Bewustzijn is veel dingen tegelijk

Niets in de wereld is maar één ding.

Zo kan iemand een vervelend persoon zijn, maar ook van chocolade-ijsjes houden. Dat gebeurt allemaal tegelijk. Boeddhisten doen vaak alsof mensen niet echt bestaan – dat noemen ze het ego. Ik denk dat boeddhisten daar een beetje in de war zijn geraakt.

Een van mijn favoriete manieren om naar bewustzijn te kijken, is door te letten op welke gedachten je je hoofd mee vult. Ik heb een hoofd gehad met allemaal verschillende gedachten. Een paar jaar geleden had ik heel andere gedachten dan nu. Ik besloot er een paar uit te halen en er nieuwe voor in de plaats te zetten. Nou ja, oude gedachten helemaal wegdoen wil je natuurlijk liever niet, want je wilt ook de slechte gedachten houden – juist daar leer je van.

Eigenlijk wil je een setje leuke en een setje vervelende gedachten hebben. En ook gedachten die helemaal niets met elkaar te maken hebben. Dus je pakt een paar ideeën uit de religie, een paar uit de wetenschap, een paar uit het boeddhisme, een paar oude wijsheden van je oma, en die vul je aan met je eigen ervaringen, boeken die je leest, en – nog belangrijker – de dingen die je zelf bedenkt.

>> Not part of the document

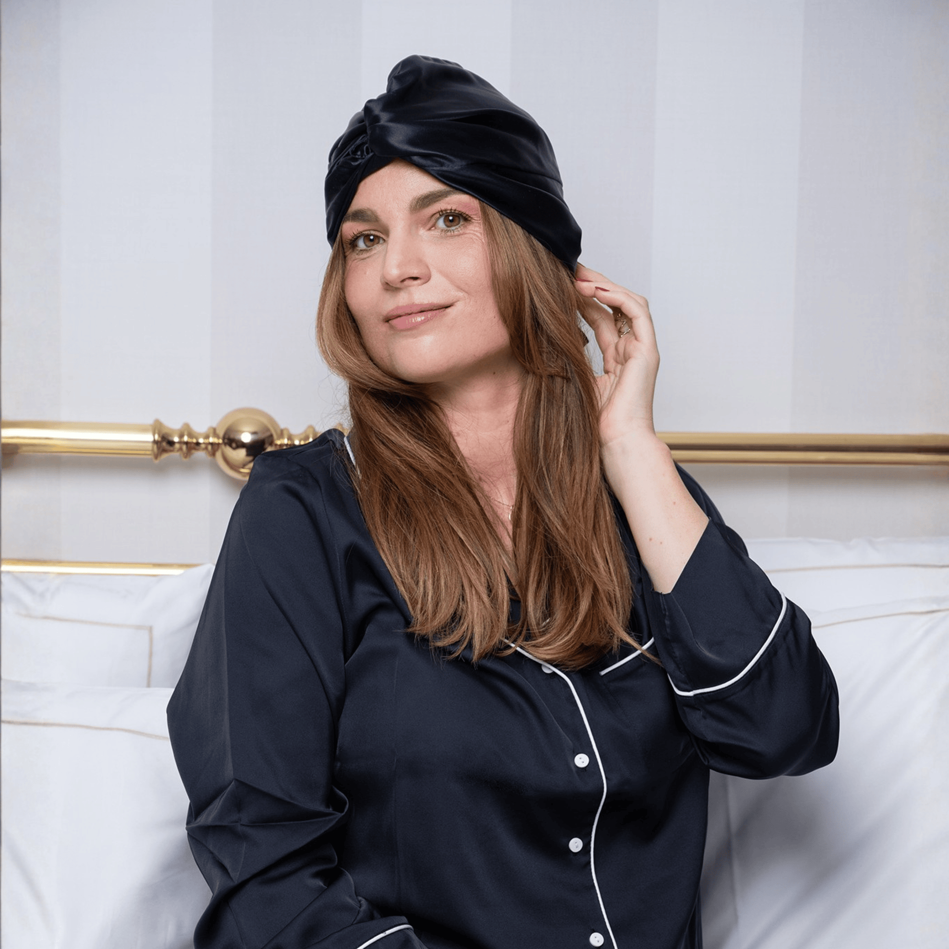 Hergestellt aus Naturseide, sanft zur Kopfhaut und atmungsaktiv für optimalen Tragekomfort.

Ik heb een hoofd vol dingen die ik zelf heb bedacht. En eerlijk gezegd ben ik erachter gekomen dat veel van die dingen al door anderen zijn bedacht – vaak op een veel slimmere manier. Maar ik hou koppig vol. Ik doe gewoon alsof alles wat ik zelf heb bedacht waar is.

Een van die dingen is dat ik soms denk dat iedereen op aarde naar me kijkt terwijl ik nadenk. Een tijdlang dacht ik ook dat ik voortdurend werd gevolgd, maar dat is minder geworden sinds ik gezonder leef.

Bewustzijn is handig, omdat je daarmee kunt zien welke gedachten en gevoelens je hebt – en waarom ze er zijn. Soms durf je bijvoorbeeld niet meer naar buiten, omdat je iets vervelends hebt meegemaakt of iets engs op tv hebt gezien. Daar moet je dan een beetje voor oppassen. Ik had laatst iets gelezen over diëten, en nu durf ik geen brood meer te eten – maar door dit op te schrijven gebruik ik mijn bewustzijn om dat probleem aan te pakken.